Les mesures évoquées ces dernières semaines devraient être discutées dès le 20 mars prochain, dans le cadre de la concertation sur le pacte et la loi d'orientation et d'avenir agricoles (PLOAA). Une phase de travail au cours de laquelle les syndicats resteront vigilants. "Nous allons retranscrire tout ce que nous avons entendu au Salon, bien vérifier que nous nous sommes compris avec le gouvernement", prévient la Coordination rurale.

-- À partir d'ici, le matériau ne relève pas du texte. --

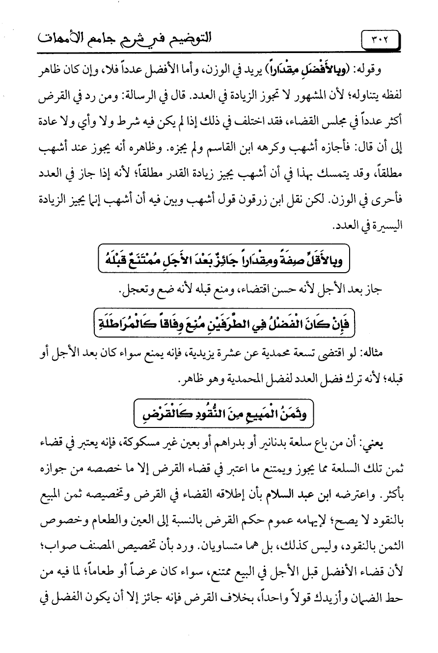 وقوله: (وبالأفضل مقداراً) يريد في الوزن، وأما الأفضل عداً فلا، وإن كان ظاهر لفظه يتناوله، لأن المشهور لا تجوز الزيادة في العدد. قال في الرسالة: ومن رد في القرض أكثر عدداً في مجلس القضاء، فقد اختلف في ذلك إذا لم يكن فيه شرط ولا وأي ولا عادة إلى أن قال: فأجازه أشهب وكرهه ابن القاسم ولم يجزه. وظاهره أنه يجوز عند أشهب مطلقاً، وقد يتمسك بهذا في أن أشهب يجيز زيادة القدر مطلقاً، لأنه إذا جاز في العدد فأحرى في الوزن. لكن نقل ابن زرقون قول أشهب وبين فيه أن أشهب إنما يجيز الزيادة اليسيرة في العدد.

Pour les JA, qui appellent à "poursuivre ce travail de coconstruction des solutions", l'enjeu sera que "le texte ne soit pas trop dénaturé par rapport aux demandes de départ"

De nouvelles actions envisagées

Face à ce bilan en demi-teinte, certains agriculteurs ont d'ores et déjà retrouvé le chemin de la mobilisation. "C'est la base qui est meneuse du terrain", lâche Sophie Lenaerts. "Dès cette semaine, il y a des actions dans les régions et départements, notamment pour revendiquer l’aspect inadmissible de la garde à vue des agriculteurs qui ont déposé une simple gerbe alors que d'autres jettent des œufs sur les ministres et n'ont rien..." 

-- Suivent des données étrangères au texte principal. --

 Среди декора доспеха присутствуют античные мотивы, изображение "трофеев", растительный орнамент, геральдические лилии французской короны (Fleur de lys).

"Nous resterons sur des actions pacifistes pour ne pas se faire oublier et pour maintenir une pression jusqu'aux élections européennes", poursuit la représentante syndicale, qui réclame "un calendrier" de la part du gouvernement. "Il n'y pas de mot d'ordre national, mais nous restons vigilants."

On ne s'interdit rien

Un point de vue largement partagé par Arnaud Rousseau, le président de la puissante FNSEA. "Les braises sont encore brûlantes", a-t-il mis en garde dimanche sur BFMTV. "On continuera à avoir des actions sur le terrain dans les quinze jours qui viennent et au-delà. Penser que d'ici à quinze jours tout s'achèvera est une erreur, ce ne sera pas le cas."

Plus nuancés, les Jeunes Agriculteurs considèrent quant à eux que, "tant que le travail prend la bonne direction, il n'est pas question de repartir sur des manifestations d'ampleur sur le terrain". Si Rémi Dumas assure être "dans une démarche de cohésion", un autre syndicaliste avertit néanmoins que, "dans quelques semaines, si rien ne bouge, peut-être qu'il y aura des petits coups de pression". Avant de conclure : "On ne s’interdit rien, tout dépend de la capacité de travail des gouvernants et administrations."